For other models with unsatisfactory performance, failure to reproduce these models, a methodological difference and heterogeneity across different datasets may contribute to this result. 44 In this paper, we developed models as close as possible to original papers and thought that the impact of such alterations on the model can be negligible, which is also supported by other scholars. 17 Now, numerous models have been proliferated, whereas most of them do not provide detailed parameters of modelling which is of utmost importance for the performance of models. 45 Missing parameters impede model reproduction, external validation and further improvement. Therefore, we suggest that the details of modelling including parameters, algorithms composition and even the all coefficients should be provided. Some algorithm cheat sheets have been plotted to assist scholars to identify an algorithm for their own data. 46 , 47 Briefly, identifying research purpose, the characteristics of raw data and requirements for algorithm features can guide the choice of modelling methods. 46 Heterogeneity across different datasets is also a cause of fluctuations in the performance of panels. 48 Usually, the diagnostic ability of panels would decrease in diverse settings where factors are different from those participating in the model derivation. Siontis et al 49 reported that only 1/118 model exhibited excellent AUC in different settings, and unsatisfactory results also appear in other systematic review. 50 Constructing a model is a multiphase process, and during this process, optimal algorithm and parameters for specific training set can be found; however, this does not mean that the model performs equally well in other datasets. Herein, ensuring the rigour of the entire modelling process determines the performance and generalization capabilities of models.
Researchers have put forward various approaches to comprehensively evaluate model quality. In 2014, Steyerberg et al 51 proposed seven steps for development and an ABCD for validation. In 2015, Collins et al 18 developed the statement of TRIPOD. In this article, we further assessed the whole modelling process according to TRIPOD and found only Hu et al 3 met all the criteria and thus how to ensure the standardization of modelling while paying attention to the performance of model deserves to be valued.

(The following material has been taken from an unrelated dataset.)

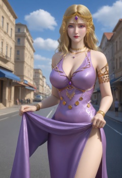 (score_9),<lora:卡丹1-Apony:0.85>,kardan,(mature_female),solo,blonde hair,long hair,hair ornament,jewelry,necklace,forehead jewel,head chain,gem,armlet,bracelet,purple dress,<lora:perfect eyes_v1:1>,blue eyes,looking at viewer,front view,light blush,bright pupils,<lora:Expressive_H-000001:0.8>,(dress_lift:1.1),clothes_lift,(lifted_by_self:1.1),skirt_flip,collarbone,pointy breasts,puffy breasts,large breasts,narrow waist,thighs,side slit dress,outdoors,street,blue sky,blur background,building,city,cloud,cloudy sky,day,depth of field,<lora:皮肤凹痕:1.2>,

Meta‐regression indicated that the influence of ncRNA sources (sample types) and targeted populations could not be neglected. For instance, Miotto 2013‐AIC regression and Wang 2011 had AUC < 50% in all available datasets, which might be caused by the different directions of the relationship between TB risk and predictive scores of models. In the training set, subjects with higher predictive scores were more likely to be divided into TB group, and there was on the contrary in some validation sets with different ethnic populations from training set. Meta‐regression further confirmed this finding that the performance of these two models was improved in ethnicity‐consistency subgroup. Besides, the Venn diagram of miRNA distribution in this paper (Figure 2) also supported that the expression patterns of ncRNAs were shown to differ based on different sample types and ethnicities. Of note, different models respond differently to sample types and ethnicities. As we discussed before, Miotto 2013‐AIC regression and Wang 2011 presented a certain degree of ethnic specificity, whereas Latorre 2015 and Pan 2019 were insensitive to ethnicities. It is difficult to judge which model is the optimal, the one with better generalization ability or with better diagnostic performance for the specific population, the one with the highest sensitivity or with the highest specificity. We recommend that the models with excellent sensitivity should be selected for high TB burden areas, whereas these with outstanding specificity ought to be applicable to low TB burden regions. Desired sensitivity enables to improve generalizability and capacity of triaging TB patients and also reduces the costs and requirements of using high accurate detection tools, 52 which is beneficial for ease the pressure in high TB burden areas where are usually economically disadvantaged. 53 Correctly excluding subjects who do not suffer from TB is a more cost‐effective approach for low TB burden areas; thus, high specificity ensures the reliability of classifying outcome. 52 In summary, the evaluation of model ought to take study objectives, disease burden and prevalence, and socio‐economic requirements into consideration. 54
GO analysis and KEGG analysis demonstrated that most ncRNAs in included panels involved into Wnt signalling pathway, oxidative stress and immune cell activation and differentiation, which were closely related to the pathogenesis of TB. 55 , 56 , 57 MiR‐150‐5p was selected by 3/13 miRNA panels which targeted different populations and used different sample types. MiR‐150‐5p is widely expressed in immune cells and is responsible for the development of lymphocytes, lung cancer and acute lung injury. 58 Through conducting both clinical study and mice experiment, Ghorpade et al 59 confirmed that miR‐150‐5p could suppress TLR2 responses by targeting an adaptor protein of TLR2 signalling, MyD88, and thus regulate the host‐MTB interactions. Chen et al 60 implied that miR‐150‐5p interacted with the transcription factor c‐Myb to inhibit memory CD8 T cell development, which played a crucial role in a rapid response to reinfection. In addition, Zhou et al 25 reported that miR‐150‐5p outperformed any other single miRNA when diagnosing TB. Wang et al 61 further revealed the value of miR‐150‐5p as a promising marker to differentially diagnose whether a pleural effusion is tuberculous or benign lesion. Clearly, miR‐150‐5p not only can be regarded as a valuable biomarker of TB but also a key molecule in the pathogenesis of TB. Exploring the targeted therapy and diagnostic model of TB based on miR‐150‐5p may yield insights into ameliorate the burden brought by TB.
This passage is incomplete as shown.